Shareholder dislike of Whitbread’s hotel-coffee combo is reflected in its bargain valuation. Even after a near 8 percent jump in its share price on Monday morning, the owner of the Premier Inn budget hotel chain’s debt and equity is worth 10 times expected EBITDA for the year to next March. Rival hotel group InterContinental trades on a 14 times multiple, as does competing coffee purveyor Starbucks. Slowing UK consumer spending is a concern. But the two parts of the business have few synergies – fewer than 100 of the 42,000 employees at Costa and Premier Inn work across both brands.

A freestanding Premier Inn business would be worth 8.5 billion pounds on a 13 times EBITDA multiple – roughly equivalent to Whitbread’s current enterprise value. That suggests investors are assigning little or no value to Costa’s 2,400 UK outlets. Take the 265 million pounds of EBITDA that Morgan Stanley analysts reckon the chain will churn out in 2019, put it on a conservative 11 times multiple, and the division could be worth up to 3 billion pounds if set free from its parent.
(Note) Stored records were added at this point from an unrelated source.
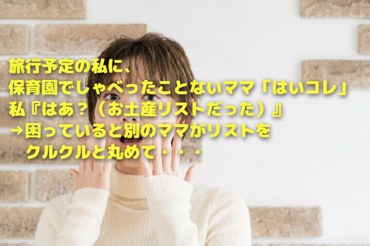 旅行予定の私に、保育園でしゃべったことないママ「はいコレ」私『はあ?(お土産リストだった)』→困っていると別のママがリストをクルクルと丸めて・・・ 2022年09月26日 カテゴリ:胸スカ 週末に旅行に行くんですが、出ましたよ。お土産リスト渡してくるママww保育園の入り口の辺で仲いいママさんたちと世間話(旅行の話は出てない)してたら、しゃべったこともないママが「はいコレ」ってメモ渡してきました。「はい?」って言ったら「はいじゃなくてコレ。お願いね」ですって。「いや、意味わかんないです」って言ったら「は?旅行行くならお土産買ってくるのが当然でしょ?」と鼻で笑われましたw ⇒続きを読む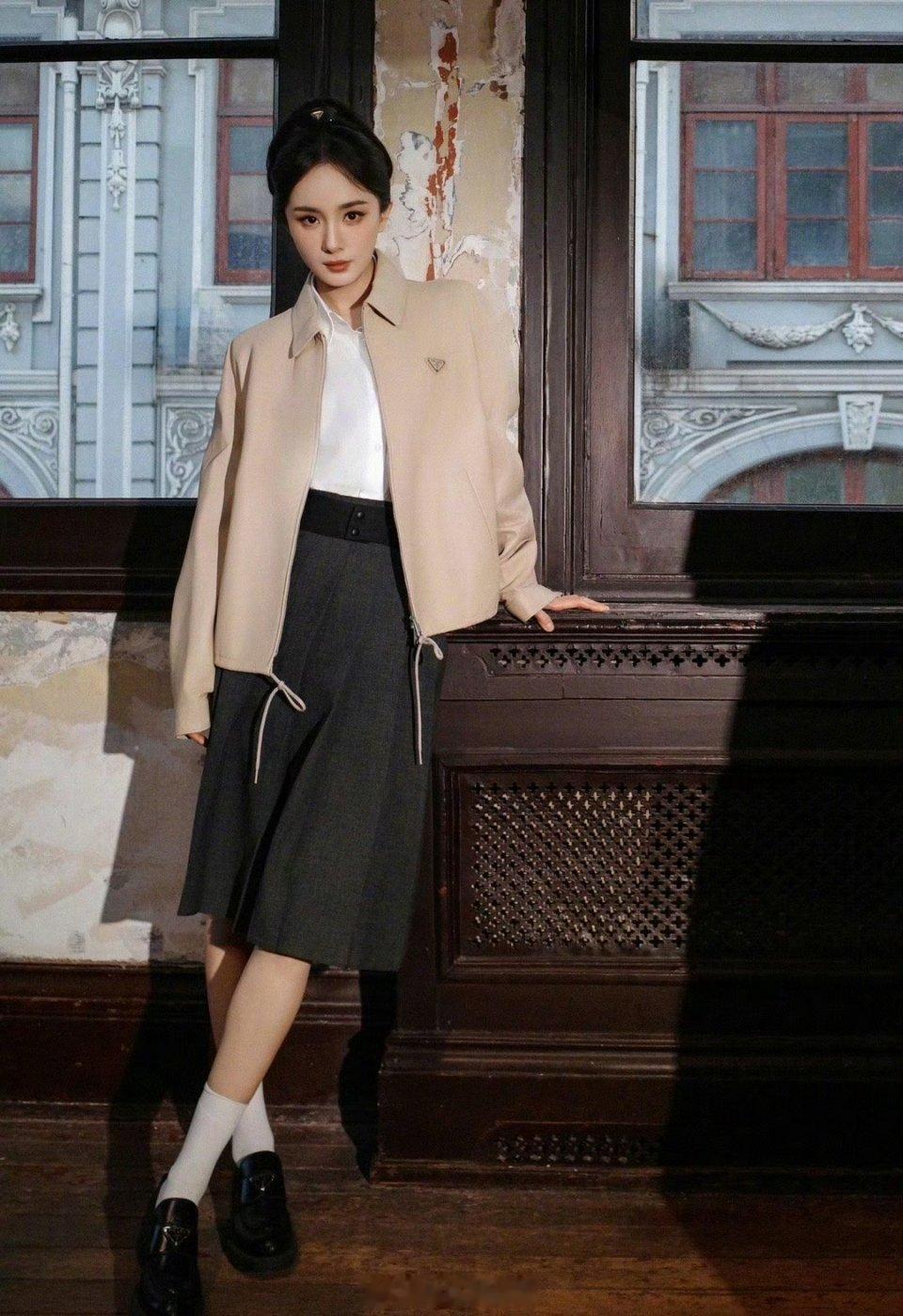 派酱安利 杨幂身穿全套prada 好贵气优雅的学院风女王!这一身太有质感太吸睛了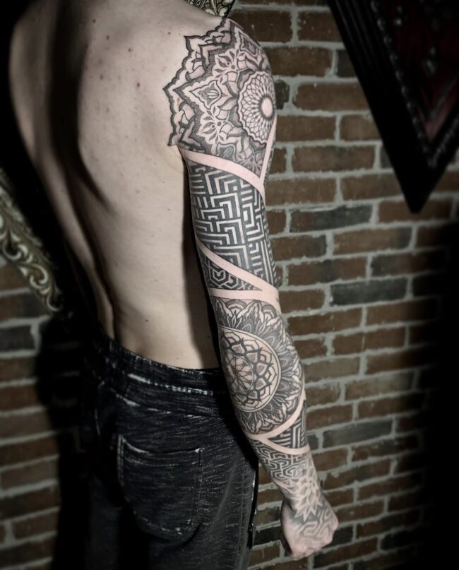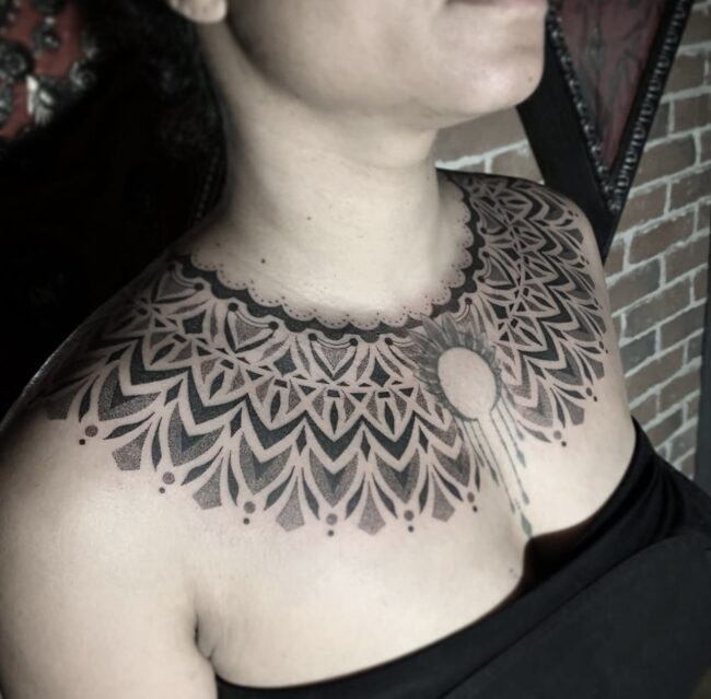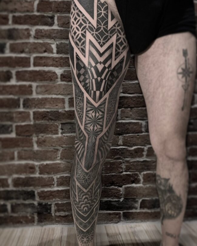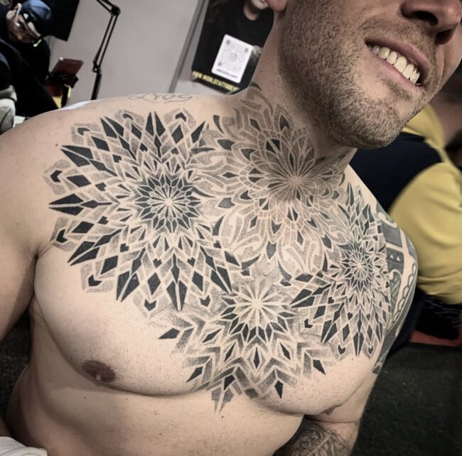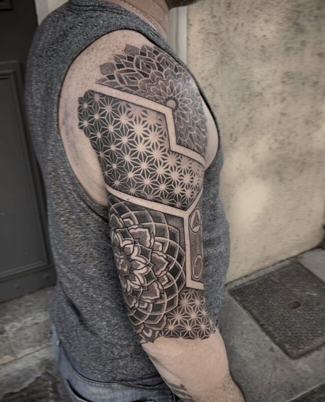 Résident chez Noire Ink France, Aivar Tsalko est spécialisé dans le tatouage ornemental, le dotwork et les compositions géométriques. Son travail se distingue par sa précision et son sens du détail.

Costa’s separate legal structure and management team makes a spinoff relatively straightforward. The rejig should cost no more than 15 million pounds to 20 million pounds in one-off fees. It would also help Whitbread CEO Alison Brittain avoid more drastic options such as a sale of its portfolio of hotel properties. A caffeine fix usually delivers just a short-term boost. In this case, though, it’s worth a try.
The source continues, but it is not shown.